All hands among the visitors passed the afternoon dully. Mr. Brewster, who had finally yielded to persuasion and decided not to venture out, though still deriding the restriction as the merest nonsense, was in a mood of restless silence, which his irrepressible daughter described to Fitzhugh Carroll as “the superior sulks.”
Carroll himself kept pretty much aloof. He had the air of a man who wrestles with a problem. Cluff fussed and fretted and privately cursed the country and all its concessions. Between calls and the telephone, Sherwen was kept constantly busy. But a few minutes before six, central, in the blandest Spanish, regretted to inform him that Puerto del Norte was cut off. When would service be resumed? Quien sabe? It was an order. Hasta manana. To-morrow, perhaps. Smoothing a furrow from his brow, the sight of which would have done nobody any good, he suggested that they all gather on the roof porch for a swizzle. The suggestion was hailed with enthusiasm.
Thus, when the Unspeakable Perk came hustling down the street some minutes earlier than the appointed time, he was hailed in Sherwen’s voice, and bidden to come directly up. No time, on this occasion, for Miss Polly to escape. She decided in one breath to ignore the man entirely; in the next to bow coldly and walk out; in the next to—He was there before the latest wavering decision could be formulated.
“Better all get inside,” he said a little breathlessly. “There may be trouble.”
Cluff brightened perceptibly.
“What kind of trouble?”
“Urgante is leading a mob up this way. They’re turning the corner now.”
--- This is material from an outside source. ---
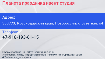 Планета праздника, ивент-студия по адресу 353993, Краснодарский край, Новороссийск, Заветная, 64 в дальнейшем Организация, размещена в следующих категориях: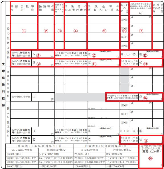生命保険料控除で記載が必要なのは、左側の生命保険料控除欄です。記載方法について一つずつ確認していきましょう。

“I’m going to wait and see them,” cried Miss Polly, with decision.
“Bend over, then, all of you,” ordered Sherwen. “The vines will cover you if you keep down.”
Around the corner, up the hill from where they were, streamed a rabble of boys, leaping and whooping, and after them a more compact crowd of men, shoeless, centering on a tall, broad, heavy-mustached fellow who bore on a short staff the Stars and Stripes.
“Where on earth did he get that?” cried Sherwen.
“Looted the Bazaar Americana,” replied Perkins.
“That’s Urgante,” growled Cluff; “that devil with the flag.”
“But he seems to be eulogizing it,” cried the girl.
The orator had set down his bright burden, wedging it in the iron guard railing of a tree, and was now apostrophizing it with extravagant bows and honeyed accents in which there was an undertone of hiss. For confirmation, Miss Polly turned to the others. The first face her eyes fell on was that of the ball-player. Every muscle in it was drawn, and from the tightened lips streamed such whispered curses as the girl never before had heard. Next him stood the hermit, solid and still, but with a queer spreading pallor under his tan. In front of them Sherwen was crouched, scowlingly alert. The expression of Mr. Brewster and Carroll, neither of whom understood Spanish, betokened watchful puzzlement.